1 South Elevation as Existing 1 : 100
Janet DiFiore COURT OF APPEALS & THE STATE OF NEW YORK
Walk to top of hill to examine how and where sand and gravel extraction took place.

==

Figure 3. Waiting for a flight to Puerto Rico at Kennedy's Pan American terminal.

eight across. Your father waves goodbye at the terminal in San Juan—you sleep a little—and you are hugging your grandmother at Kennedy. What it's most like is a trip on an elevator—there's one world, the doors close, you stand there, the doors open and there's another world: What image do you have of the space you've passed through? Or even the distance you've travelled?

» **Exercise details**
Take every line from the records above that has the word "Kennedy" and copy it.

» **Expected output**
Figure 3. Waiting for a flight to Puerto Rico at Kennedy's Pan American terminal.
eight across. Your father waves goodbye at the terminal in San Juan—you sleep a little—and you are hugging your grandmother at Kennedy. What it's most like is a trip on an elevator—there's one world, the doors close, you stand there, the doors open and there's another world: What image do you have of the space you've passed through? Or even the distance you've travelled?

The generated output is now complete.